MATERIAL FOR THE TASK:
***
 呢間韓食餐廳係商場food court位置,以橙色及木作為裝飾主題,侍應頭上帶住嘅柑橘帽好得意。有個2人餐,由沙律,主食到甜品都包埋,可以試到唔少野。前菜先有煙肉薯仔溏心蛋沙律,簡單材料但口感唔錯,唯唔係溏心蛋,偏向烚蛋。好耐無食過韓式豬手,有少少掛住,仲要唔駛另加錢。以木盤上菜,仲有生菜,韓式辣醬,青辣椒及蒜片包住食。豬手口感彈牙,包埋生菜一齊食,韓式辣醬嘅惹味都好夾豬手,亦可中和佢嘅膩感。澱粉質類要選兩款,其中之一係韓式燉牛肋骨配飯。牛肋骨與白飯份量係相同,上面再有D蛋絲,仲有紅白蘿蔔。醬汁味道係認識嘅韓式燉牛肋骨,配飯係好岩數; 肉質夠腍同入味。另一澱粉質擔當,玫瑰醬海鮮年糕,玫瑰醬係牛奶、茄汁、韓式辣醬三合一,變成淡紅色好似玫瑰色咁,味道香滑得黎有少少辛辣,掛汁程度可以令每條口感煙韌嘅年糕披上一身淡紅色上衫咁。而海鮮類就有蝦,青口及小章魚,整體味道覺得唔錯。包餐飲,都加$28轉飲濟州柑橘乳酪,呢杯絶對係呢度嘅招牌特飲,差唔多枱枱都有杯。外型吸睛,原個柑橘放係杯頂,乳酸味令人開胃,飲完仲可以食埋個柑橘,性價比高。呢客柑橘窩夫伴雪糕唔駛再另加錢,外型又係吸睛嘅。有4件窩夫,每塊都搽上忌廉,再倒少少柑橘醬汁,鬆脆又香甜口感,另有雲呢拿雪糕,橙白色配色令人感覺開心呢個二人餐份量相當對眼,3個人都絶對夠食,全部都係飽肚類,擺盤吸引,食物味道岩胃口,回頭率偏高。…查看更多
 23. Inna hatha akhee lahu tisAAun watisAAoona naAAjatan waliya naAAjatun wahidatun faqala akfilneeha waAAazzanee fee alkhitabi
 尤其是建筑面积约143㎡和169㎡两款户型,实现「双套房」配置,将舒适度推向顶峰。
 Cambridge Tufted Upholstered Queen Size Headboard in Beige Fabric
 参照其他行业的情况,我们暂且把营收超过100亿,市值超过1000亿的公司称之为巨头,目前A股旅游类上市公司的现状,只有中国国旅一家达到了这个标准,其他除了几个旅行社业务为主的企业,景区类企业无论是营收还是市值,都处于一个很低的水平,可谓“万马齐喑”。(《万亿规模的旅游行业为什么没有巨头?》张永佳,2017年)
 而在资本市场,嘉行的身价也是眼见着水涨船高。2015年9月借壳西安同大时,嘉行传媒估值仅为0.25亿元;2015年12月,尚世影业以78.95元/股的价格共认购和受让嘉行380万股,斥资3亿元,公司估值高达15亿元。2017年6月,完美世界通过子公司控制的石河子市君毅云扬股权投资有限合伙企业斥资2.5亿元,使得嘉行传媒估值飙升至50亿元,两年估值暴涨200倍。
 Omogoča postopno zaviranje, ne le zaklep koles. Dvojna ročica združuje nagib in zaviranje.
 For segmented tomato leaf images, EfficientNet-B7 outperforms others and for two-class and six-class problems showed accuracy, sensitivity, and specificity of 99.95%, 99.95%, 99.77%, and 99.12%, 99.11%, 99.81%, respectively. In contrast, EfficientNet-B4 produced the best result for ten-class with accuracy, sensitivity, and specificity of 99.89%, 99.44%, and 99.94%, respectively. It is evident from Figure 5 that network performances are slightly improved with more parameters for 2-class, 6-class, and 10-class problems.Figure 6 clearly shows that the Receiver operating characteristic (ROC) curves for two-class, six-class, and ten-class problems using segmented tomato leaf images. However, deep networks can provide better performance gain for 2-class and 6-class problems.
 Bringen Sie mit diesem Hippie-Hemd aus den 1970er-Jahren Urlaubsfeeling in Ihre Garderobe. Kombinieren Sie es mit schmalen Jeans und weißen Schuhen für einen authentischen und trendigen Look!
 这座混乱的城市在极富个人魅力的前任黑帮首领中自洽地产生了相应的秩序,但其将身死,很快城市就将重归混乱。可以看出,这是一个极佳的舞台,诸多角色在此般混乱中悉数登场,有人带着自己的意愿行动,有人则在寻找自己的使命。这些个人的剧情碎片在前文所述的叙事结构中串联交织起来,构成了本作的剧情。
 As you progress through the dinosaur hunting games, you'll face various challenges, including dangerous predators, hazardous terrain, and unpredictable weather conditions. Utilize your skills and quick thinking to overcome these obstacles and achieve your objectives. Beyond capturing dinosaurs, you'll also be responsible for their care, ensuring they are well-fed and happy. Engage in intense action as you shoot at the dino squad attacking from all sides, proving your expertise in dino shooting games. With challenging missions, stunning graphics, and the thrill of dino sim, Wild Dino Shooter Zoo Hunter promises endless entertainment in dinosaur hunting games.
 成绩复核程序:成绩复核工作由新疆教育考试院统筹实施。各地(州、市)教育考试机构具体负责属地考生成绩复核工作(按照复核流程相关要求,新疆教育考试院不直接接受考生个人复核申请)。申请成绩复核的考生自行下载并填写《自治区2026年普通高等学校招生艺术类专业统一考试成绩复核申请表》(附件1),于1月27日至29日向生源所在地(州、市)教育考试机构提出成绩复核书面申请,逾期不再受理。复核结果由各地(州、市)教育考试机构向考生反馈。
***
TASK GOAL: Each line of the listing should be copied exactly.

EXERCISE RESULT:
 呢間韓食餐廳係商場food court位置,以橙色及木作為裝飾主題,侍應頭上帶住嘅柑橘帽好得意。有個2人餐,由沙律,主食到甜品都包埋,可以試到唔少野。前菜先有煙肉薯仔溏心蛋沙律,簡單材料但口感唔錯,唯唔係溏心蛋,偏向烚蛋。好耐無食過韓式豬手,有少少掛住,仲要唔駛另加錢。以木盤上菜,仲有生菜,韓式辣醬,青辣椒及蒜片包住食。豬手口感彈牙,包埋生菜一齊食,韓式辣醬嘅惹味都好夾豬手,亦可中和佢嘅膩感。澱粉質類要選兩款,其中之一係韓式燉牛肋骨配飯。牛肋骨與白飯份量係相同,上面再有D蛋絲,仲有紅白蘿蔔。醬汁味道係認識嘅韓式燉牛肋骨,配飯係好岩數; 肉質夠腍同入味。另一澱粉質擔當,玫瑰醬海鮮年糕,玫瑰醬係牛奶、茄汁、韓式辣醬三合一,變成淡紅色好似玫瑰色咁,味道香滑得黎有少少辛辣,掛汁程度可以令每條口感煙韌嘅年糕披上一身淡紅色上衫咁。而海鮮類就有蝦,青口及小章魚,整體味道覺得唔錯。包餐飲,都加$28轉飲濟州柑橘乳酪,呢杯絶對係呢度嘅招牌特飲,差唔多枱枱都有杯。外型吸睛,原個柑橘放係杯頂,乳酸味令人開胃,飲完仲可以食埋個柑橘,性價比高。呢客柑橘窩夫伴雪糕唔駛再另加錢,外型又係吸睛嘅。有4件窩夫,每塊都搽上忌廉,再倒少少柑橘醬汁,鬆脆又香甜口感,另有雲呢拿雪糕,橙白色配色令人感覺開心呢個二人餐份量相當對眼,3個人都絶對夠食,全部都係飽肚類,擺盤吸引,食物味道岩胃口,回頭率偏高。…查看更多
 23. Inna hatha akhee lahu tisAAun watisAAoona naAAjatan waliya naAAjatun wahidatun faqala akfilneeha waAAazzanee fee alkhitabi
 尤其是建筑面积约143㎡和169㎡两款户型,实现「双套房」配置,将舒适度推向顶峰。
 Cambridge Tufted Upholstered Queen Size Headboard in Beige Fabric
 参照其他行业的情况,我们暂且把营收超过100亿,市值超过1000亿的公司称之为巨头,目前A股旅游类上市公司的现状,只有中国国旅一家达到了这个标准,其他除了几个旅行社业务为主的企业,景区类企业无论是营收还是市值,都处于一个很低的水平,可谓“万马齐喑”。(《万亿规模的旅游行业为什么没有巨头?》张永佳,2017年)
 而在资本市场,嘉行的身价也是眼见着水涨船高。2015年9月借壳西安同大时,嘉行传媒估值仅为0.25亿元;2015年12月,尚世影业以78.95元/股的价格共认购和受让嘉行380万股,斥资3亿元,公司估值高达15亿元。2017年6月,完美世界通过子公司控制的石河子市君毅云扬股权投资有限合伙企业斥资2.5亿元,使得嘉行传媒估值飙升至50亿元,两年估值暴涨200倍。
 Omogoča postopno zaviranje, ne le zaklep koles. Dvojna ročica združuje nagib in zaviranje.
 For segmented tomato leaf images, EfficientNet-B7 outperforms others and for two-class and six-class problems showed accuracy, sensitivity, and specificity of 99.95%, 99.95%, 99.77%, and 99.12%, 99.11%, 99.81%, respectively. In contrast, EfficientNet-B4 produced the best result for ten-class with accuracy, sensitivity, and specificity of 99.89%, 99.44%, and 99.94%, respectively. It is evident from Figure 5 that network performances are slightly improved with more parameters for 2-class, 6-class, and 10-class problems.Figure 6 clearly shows that the Receiver operating characteristic (ROC) curves for two-class, six-class, and ten-class problems using segmented tomato leaf images. However, deep networks can provide better performance gain for 2-class and 6-class problems.
 Bringen Sie mit diesem Hippie-Hemd aus den 1970er-Jahren Urlaubsfeeling in Ihre Garderobe. Kombinieren Sie es mit schmalen Jeans und weißen Schuhen für einen authentischen und trendigen Look!
 这座混乱的城市在极富个人魅力的前任黑帮首领中自洽地产生了相应的秩序,但其将身死,很快城市就将重归混乱。可以看出,这是一个极佳的舞台,诸多角色在此般混乱中悉数登场,有人带着自己的意愿行动,有人则在寻找自己的使命。这些个人的剧情碎片在前文所述的叙事结构中串联交织起来,构成了本作的剧情。
 As you progress through the dinosaur hunting games, you'll face various challenges, including dangerous predators, hazardous terrain, and unpredictable weather conditions. Utilize your skills and quick thinking to overcome these obstacles and achieve your objectives. Beyond capturing dinosaurs, you'll also be responsible for their care, ensuring they are well-fed and happy. Engage in intense action as you shoot at the dino squad attacking from all sides, proving your expertise in dino shooting games. With challenging missions, stunning graphics, and the thrill of dino sim, Wild Dino Shooter Zoo Hunter promises endless entertainment in dinosaur hunting games.
 成绩复核程序:成绩复核工作由新疆教育考试院统筹实施。各地(州、市)教育考试机构具体负责属地考生成绩复核工作(按照复核流程相关要求,新疆教育考试院不直接接受考生个人复核申请)。申请成绩复核的考生自行下载并填写《自治区2026年普通高等学校招生艺术类专业统一考试成绩复核申请表》(附件1),于1月27日至29日向生源所在地(州、市)教育考试机构提出成绩复核书面申请,逾期不再受理。复核结果由各地(州、市)教育考试机构向考生反馈。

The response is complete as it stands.